* Exercise prompt *
Beginning with the line that holds "The set includes" and finishing with the line that holds "- Shows live", repeat the listing exactly, leaving every picture out.

[[ Data to examine, beginning ]]

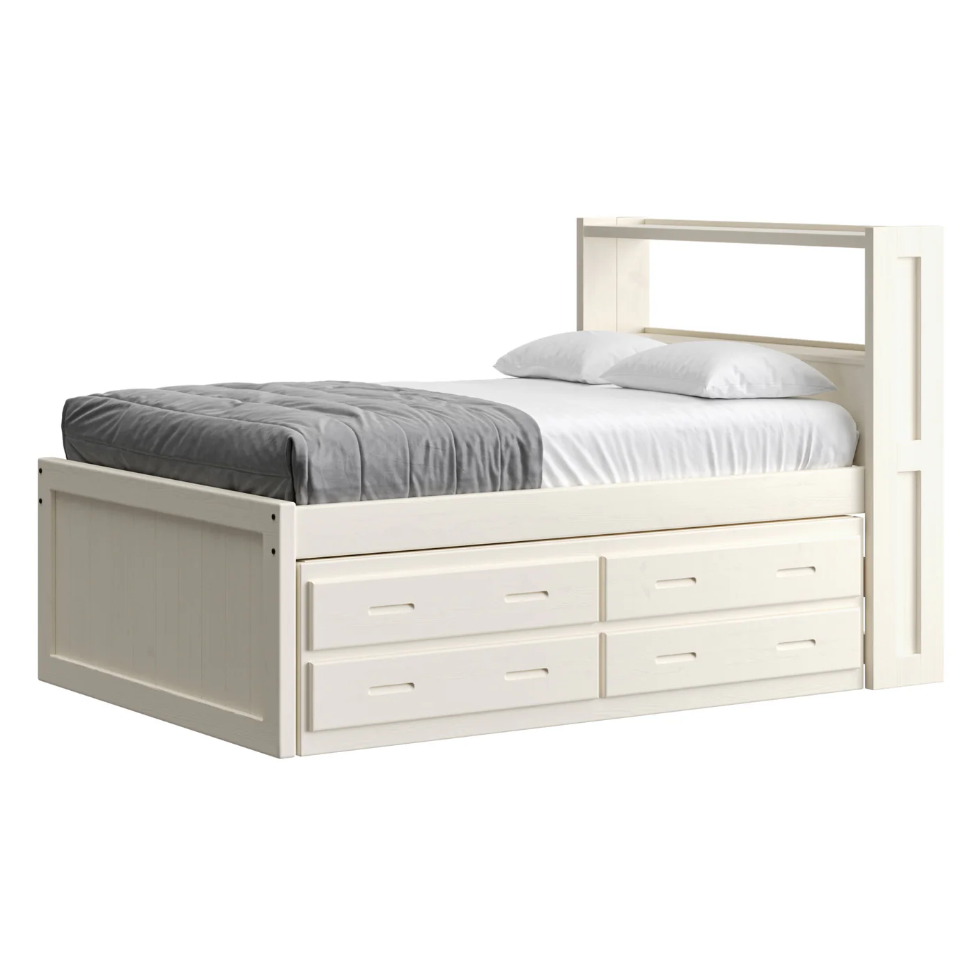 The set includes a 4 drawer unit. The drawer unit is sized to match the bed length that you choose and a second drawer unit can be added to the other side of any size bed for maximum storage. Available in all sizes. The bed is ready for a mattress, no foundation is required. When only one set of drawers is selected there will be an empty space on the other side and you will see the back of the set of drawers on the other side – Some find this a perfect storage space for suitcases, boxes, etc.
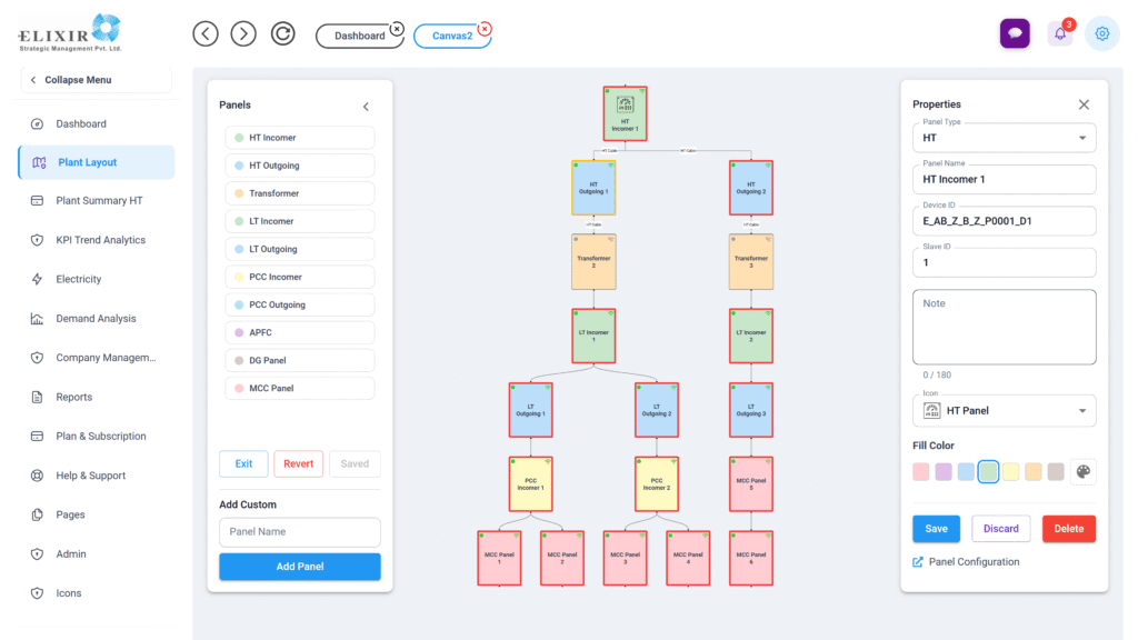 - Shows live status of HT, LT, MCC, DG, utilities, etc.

[[ Data to examine, end ]]
[[ Data to examine, beginning ]]

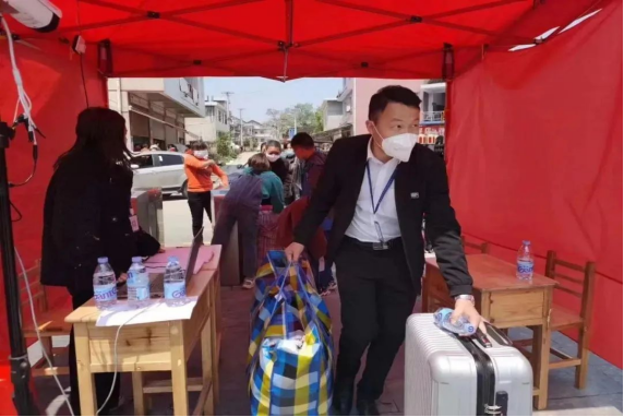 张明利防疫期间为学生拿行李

[[ Data to examine, end ]]
[[ Data to examine, beginning ]]

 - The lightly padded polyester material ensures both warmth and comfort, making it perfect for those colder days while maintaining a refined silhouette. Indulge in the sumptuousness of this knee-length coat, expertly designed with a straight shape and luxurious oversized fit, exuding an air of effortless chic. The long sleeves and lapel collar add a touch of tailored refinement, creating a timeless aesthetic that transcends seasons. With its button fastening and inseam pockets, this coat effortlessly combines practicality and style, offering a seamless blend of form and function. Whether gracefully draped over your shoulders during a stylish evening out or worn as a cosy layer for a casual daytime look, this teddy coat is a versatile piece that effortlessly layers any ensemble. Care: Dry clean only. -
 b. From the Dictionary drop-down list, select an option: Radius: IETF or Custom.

[[ Data to examine, end ]]

* Result below *
 The set includes a 4 drawer unit. The drawer unit is sized to match the bed length that you choose and a second drawer unit can be added to the other side of any size bed for maximum storage. Available in all sizes. The bed is ready for a mattress, no foundation is required. When only one set of drawers is selected there will be an empty space on the other side and you will see the back of the set of drawers on the other side – Some find this a perfect storage space for suitcases, boxes, etc.
 - Shows live status of HT, LT, MCC, DG, utilities, etc.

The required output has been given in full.